In mammalian cells, DNA replication takes place in functional subnuclear compartments, called replication factories, where replicative factors accumulate. The distribution pattern of replication factories is diagnostic of the different moments (early, mid, and late) of the S phase. This dynamic organization is affected by different agents that induce cell cycle checkpoint activation via DNA damage or stalling of replication forks. Here, we explore the cell response to
etoposide, an anticancer
drug belonging to the
topoisomerase II poisons.
Etoposide does not induce an immediate block of
DNA synthesis and progressively affects the distribution of replication
proteins in S phase. First, it triggers the formation of large nuclear foci that contain the single-strand
DNA binding protein replication protein A (RPA), suggesting that lesions produced by the
drug are processed into extended single-stranded regions. These RPA foci colocalize with
DNA replicated at the beginning of the treatment.
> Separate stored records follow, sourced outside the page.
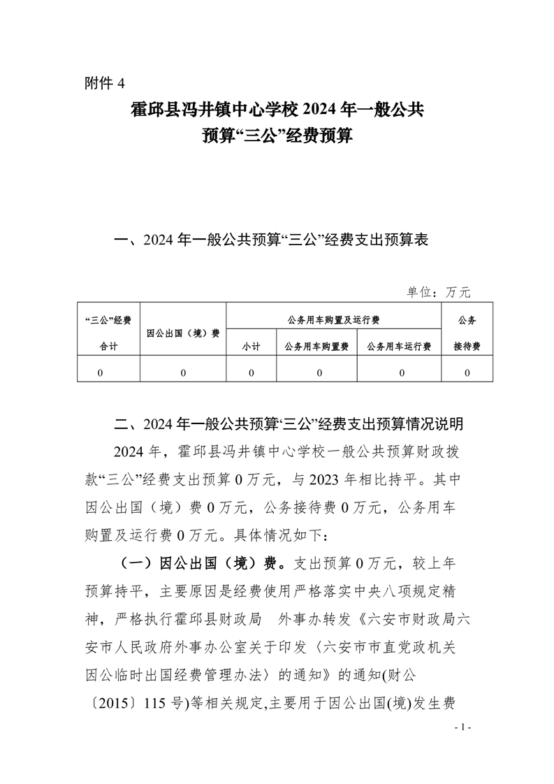 霍邱县冯井镇中心学校 2024 年一般公共预算“三公”经费预算
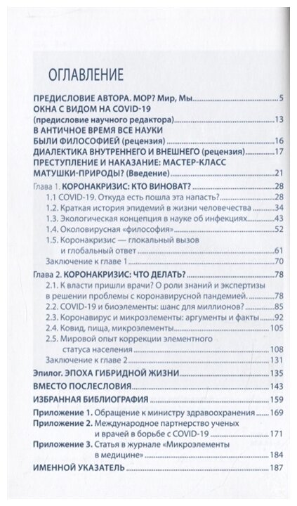 В третьей книге из серии "Записки философствующего врача" представлено авторское видение проблемы коронакризиса с позиций учёного, практикующего врача и педагога. В монографии дан анализ социальных процессов возникновения инфекций, их роль в истории человечества. С точки зрения общебиологических, экологических подходов к причинности эпидемий рассматриваются различные аспекты коронакризиса. В книге сделан акцент на роли макро- и микроэлементов, витаминов, в первую очередь цинка, селена, витамина D, антиоксидантов в профилактике COVID-19, лечении и восстановлении пациентов. Подчеркивается, что это один из немногих путей решения проблем коронакризисного мира. Важно отметить, что автор является авторитетным специалистом мирового уровня в области биоэлементологии и медицинской элементологии, что повышает ценность представленных читателям сведений самых последних научных и практических достижений.
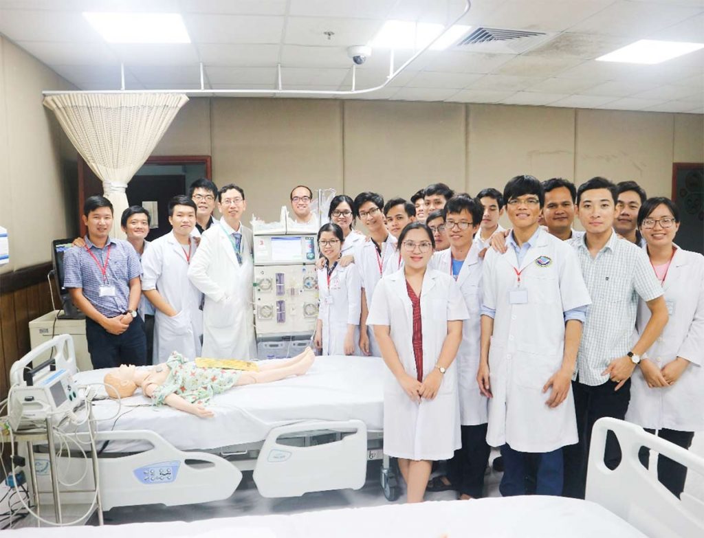 Chiều ngày 23/12, Các Học viên được hướng dẫn sử dụng và thao tác trên máy lọc máu, cũng như kỹ thuật lọc máu cơ bản, xác định đối tượng và liều lọc máu, các nguyên lý của lọc máu ngoài cơ thể và phương thức lọc máu ngoài cơ thể…. Các Học viên được chia thành nhóm, mỗi nhóm từ 04 – 05 học viên thảo luận các ca tình huống lâm sàng, thực tập trên máy lọc máu, trên mô hình mô phỏng lâm sàng (SimJunior) và hướng dẫn tại giường bệnh.
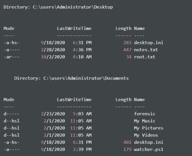 Also, it seems that the C:\Users\Administrator\Documents\forensic is mounted as the forensic share from SMB. Also, there is a watcher.ps1 file. I do not have the privileges to read it though, but I’ll check on it later after.
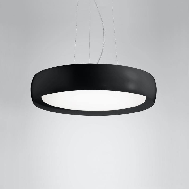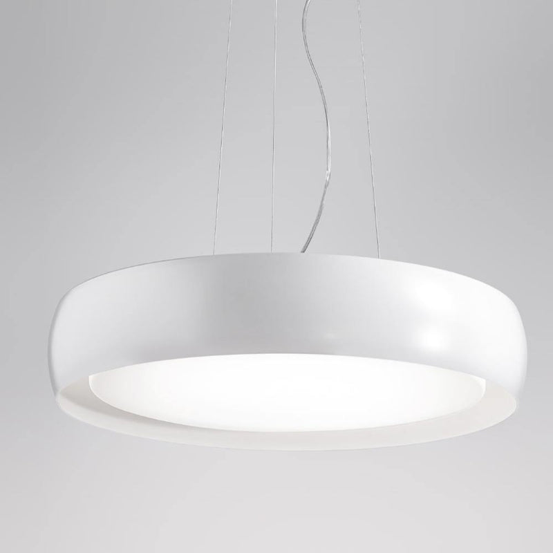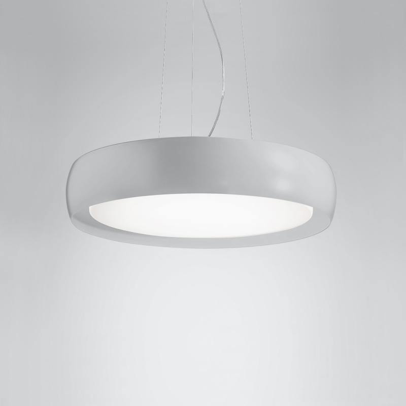 The simplicity of design and utilitarian profile makes the Treviso Suspension Light by Ai Lati a great addition to any décor scheme. Defined by a circular shape and simple curves, this suspension light features a strong framework that supports the lampshade made using satin finish triplex opal blown glass. It is fixed at the hollow center to emit light from all sides. The frame is finished in white, white/black and white/grey options. It is available in small, medium, large and extra-large sizes. The small-size version uses one E26 bulb, while the medium-size light uses two bulbs and the large-size lamp uses three bulbs. The extra-large version uses five bulbs.
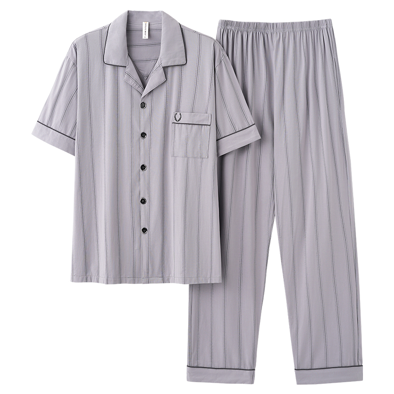 正品睡衣男夏季100%纯棉短袖长裤男士全棉薄款大码半袖家居服套装
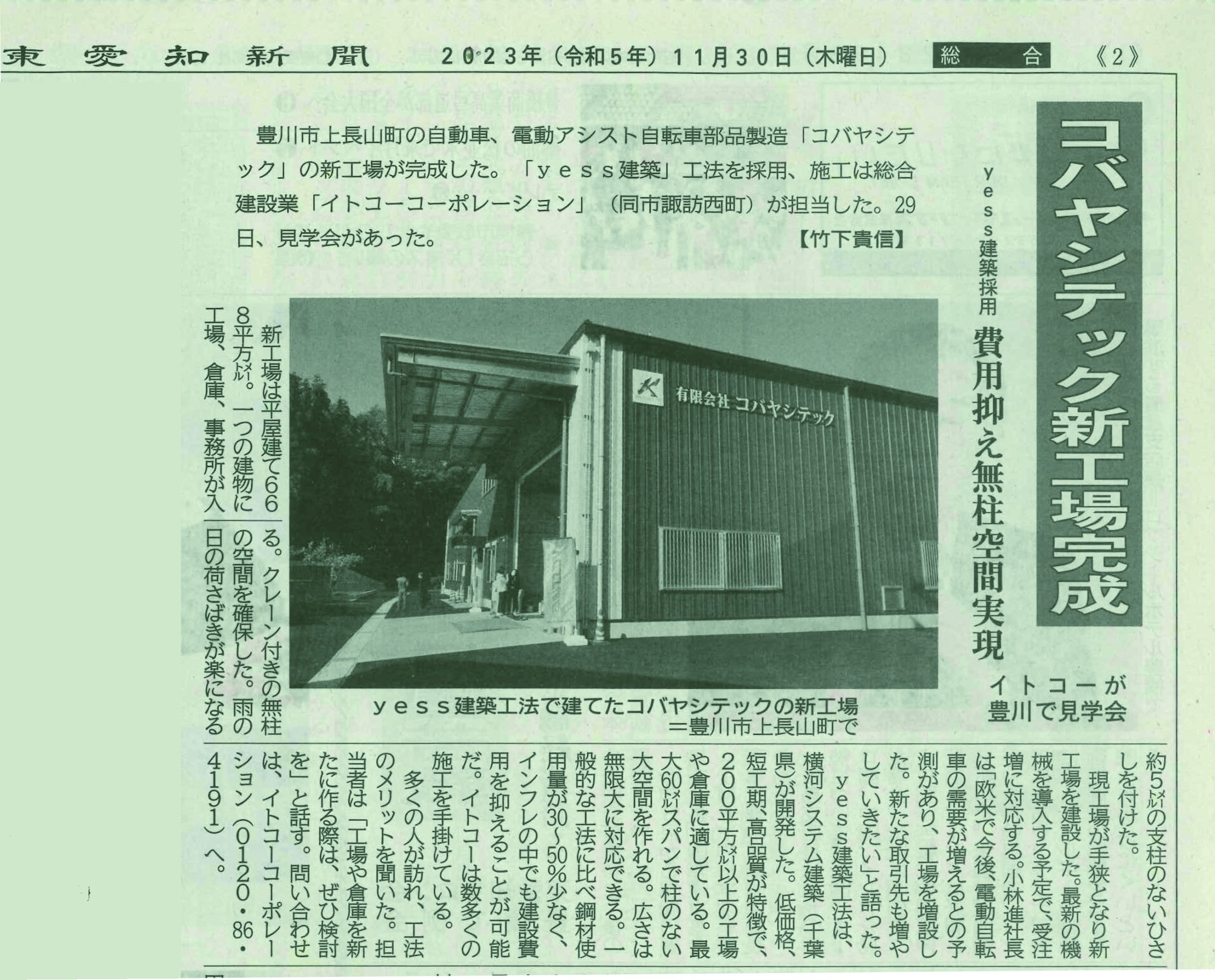 見学会の様子が新聞掲載されました(東愛知新聞11/30掲載・東日新聞12/1掲載)

Etoposide also triggers the dispersal of replicative
proteins,
proliferating cell nuclear antigen and
DNA ligase I, from replication factories. This event requires the activity of the
ataxia telangiectasia Rad3-related (ATR) checkpoint
kinase. By comparing the effect of the
drug in cell lines defective in different DNA repair and checkpoint pathways, we show that, along with the downstream
kinase Chk1, the Nbs1
protein, mutated in the
Nijmegen breakage syndrome, is also relevant for this response and for ATR-dependent phosphorylation. Finally, our analysis evidences a critical role of Nbs1 in the
etoposide-induced inhibition of DNA replication in early S phase.